“Show me a hero and I will write you a tragedy.”
The Notebooks of F Scott Fitzgerald
Francis Scott Key Fitzgerald was born September 24, 1896 in Saint Paul, Minnesota. Always known simply as “Scott,” he was named after his second cousin thrice removed, Francis Scott Key, who wrote the lyrics for the Star-Spangled Banner.
The Fitzgerald family moved to Buffalo, New York, where his father worked for Proctor & Gamble until he was fired in 1908. Then the family moved back to Minnesota. Scott attended Catholic school throughout his childhood, and after graduating from High School went on to Princeton. There he continued to write the stories just as he had since childhood.
While at home on winter break, 19-year-old Scott met a wealthy young Chicago socialite, Ginevra King. She attended a boarding school in Connecticut, and Scott courted her until she ended the relationship in early 1917. Her family considered Scott an unsuitable match because of his lower-class standing. Adter the breakup Scott left Princeton and enlisted in the US Army. Although he was reportedly suicidal and hoping to die in WWI, he still had dreams of being a published author. He hurriedly wrote a 120,000 word manuscript entitled The Romantic Egotist. It was rejected by Max Perkins at Scribner’s, although Perkins encouraged Fitzgerald to revise it.
Stationed in Montgomery Alabama and looking to get over his heartbreak from Ginevra, Scott socialized. In June 1918 he met 17-year-old Zelda Sayre, the daughter of Alabama Supreme Court Justice Anthony D. Sayre. Fitzgerald became determined to become a successful author and marry her, and rewrote the novel he started and Princeton, finishing it in September 1919.
This Side of Paradise was published March 26th, 1920. The first printing was 3,000 copies, and two more printings were made within a month. On April 3rd 1920 Scott married Zelda at St. Patrick’s Cathedral in New York. The couple quickly became icons of the 1920s and the jazz age that Fitzgerald epitomized in his work. Their first and only child, a daughter named Frances and called ‘Scottie’ was born in 1921, and Fitzgerald’s second novel, The Beautiful and Damned was published in 1922. He was just 26 by this time.
In 1924 the Fitzgerald’s moved to the Riviera, where he completed his most famous work The Great Gatsby, published in 1925. He followed with some short stories, but for most of the next decade the Fitzgerald’s fell apart. They had marital troubles, drank too much, and Zelda had a mental breakdown, spending the rest of her life in and out of mental institutions. Fitzgerald’s next novel was not published until 1934 – Tender is the Night. It is was not commercially successful, and Fitzgerald fell even deeper into despair and alcoholism.

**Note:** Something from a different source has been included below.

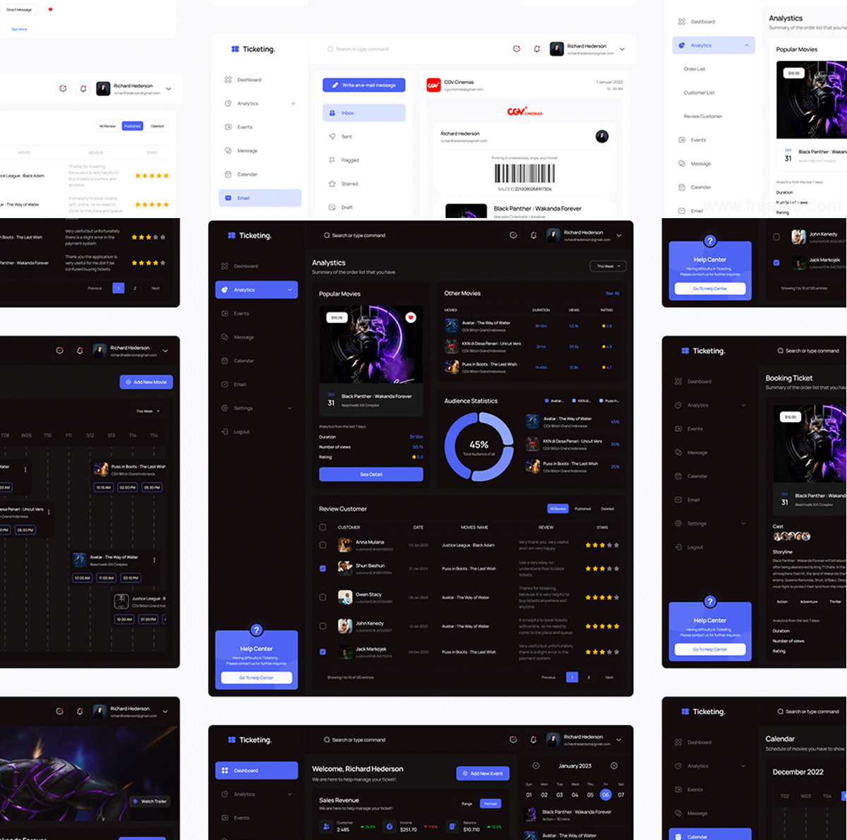 60屏票务预订仪表盘UI套件,高效管理工具figma源文件

In 1937 he moved to Hollywood to work as a screenwriter. While there he began an affair with gossip columnist Sheilah Graham.
In 1940, living in Hollywood, Fitzgerald became sober, but not long after, on December 21st, 1940 he died suddenly of a heart attack at the age of 44. His daughter Scottie asked his lover Sheila Graham not to attend his funeral. His wife Zelda wanted him to be buried at the family plot at St. Mary’s in Maryland, but the priest rejected the request because Fitzgerald was not a practicing Catholic. So Zelda paid for him to be buried down the road at Rockville Cemetery. She was not well enough to attend, but his daughter Scottie came down from Vassar. Only 25 people, including Scottie, attended the funeral of Fitzgerald, and his editor paid for 6 pallbearers.
Zelda died eight years later in a fire at Highland Hospital.
As the couple’s posthumous popularity grew, the couple’s single grave was moved to St. Mary’s churchyard, the new bishop accepted them onto consecrated land, where his famous tombstone bears the last line of The Great Gatsby “So we beat on, boats against the current, borne back ceaselessly into the past.”
Lesson from Fitzgerald
Fitzgerald was desperate to change his social standing and attain beautiful women through his writing. The theme of aspiration ran throughout his work, and although he struggled greatly with addiction that darkened his dreams, there were shining moments where he surely attained what he was striving for.